Per la Txt un’andata deludente Adesso arrivano le sfide decisive
FERRARA. Con la sconfitta di Mirano (45-5 per la capolista veneta) la Txt Cus Ferrara rugby ha chiuso il girone d’andata del campionato di serie B. Un girone deficitario, nel quale i cussini hanno...
FERRARA. Con la sconfitta di Mirano (45-5 per la capolista veneta) la Txt Cus Ferrara rugby ha chiuso il girone d’andata del campionato di serie B. Un girone deficitario, nel quale i cussini hanno raccolto assai meno del seminato, terminato con appena 6 punti all’attivo, frutto di una vittoria con 4 mete ai danni della Bassa Bresciana e un bonus difensivo, che li hanno fatti tornare in positivo in classifica dopo la penalizzazione iniziale.
Il giro di boa arriva tre settimane dopo la pausa per le festività e le analisi a suo tempo fatte dal tecnico Marzanati calzano ancora a pennello.

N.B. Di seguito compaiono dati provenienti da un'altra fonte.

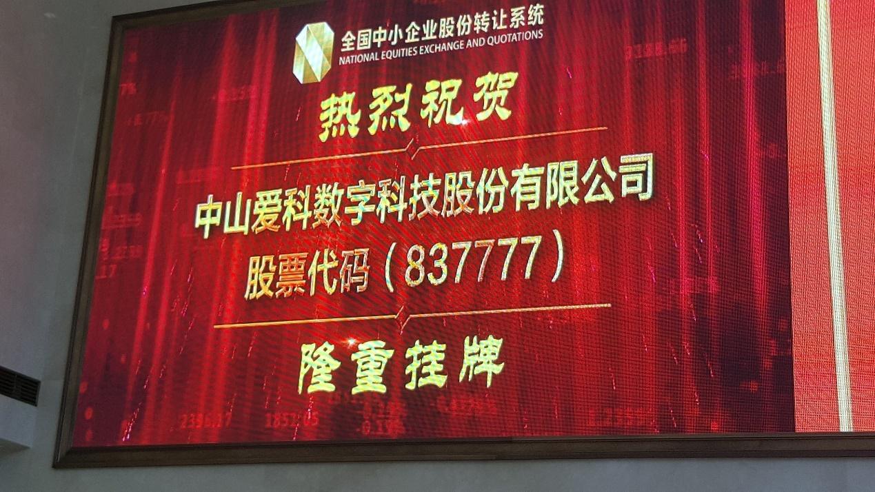 7月28日,中山愛科數(shù)字科技股份有限公司(股票簡稱“中山愛科”,證券代碼“837777”)新三板掛牌敲鐘儀式在北京舉行,中山市科技局局長尹明、市科協(xié)主席余元龍、火炬開發(fā)區(qū)總經(jīng)濟(jì)師梁兆華、國家健康科技產(chǎn)業(yè)基地總經(jīng)理方迎以及愛科公司董事長盧后南、董事兼總經(jīng)理盧林發(fā)等出席掛牌儀式。

Alla ripresa dei giochi c’è stata la tanto auspicata vittoria con la Bassa, altra formazione invischiata nella lotta per non retrocedere, ma la resa dei conti arriva nell’immediato futuro. Saranno le prossime quattro giornate, spalmate in un arco temporale di un mese e mezzo a causa delle pause per il 6 Nazioni, a segnare le sorti bianconere.
La Txt affronterà infatti, nell’ordine, Caimani, Cus Padova, Rubano e Villadose. Per continuare a sperare nella permanenza in categoria servirà fare il colpaccio a Moglia, in terra mantovana, con i Caimani già domenica prossima, passaggio fondamentale della stagione. Poi, servirà battere anche il Villadose, a conti fatti la bestia nera cussina delle ultime stagioni. Gradita sarebbe una prestazione di rilievo con il Cus Padova al “Trevisani”, mentre è utopia fare punti pesanti a Rubano, ma non si sa mai: giocare senza obblighi mentali è sempre stato viatico di buone cose per il Cus. Per facilitare la comprensione, senza i successi con i Caimani e con il Villadose, a meno di reazioni miracolose, la sorte sarebbe segnata.
Il gruppo, comunque, ci crede e lavora. Gargano a coadiuvare Marzanati e Massarenti ad aiutare il team manager Boccardo sono importanti per la tranquillità operativa di tutti. Si attendono i pieni recuperi di Ippolito, Busi, Rossi, dei fratelli Pasa, e il debutto del neo acquisto Enrico Sandonà da Rubano. Lo spogliatoio non si dà per vinto, almeno a parole. Domenica servono i fatti.
Classifica: Mirano 49, Badia 47, Petrarca 44, Rubano 42, Oderzo 35, Villorba 30, Cus Padova 22, Silea 17, Villadose 13, Caimani 11, Bassa Bresciana 10, Txt Cus Ferrara 2.(d.c.)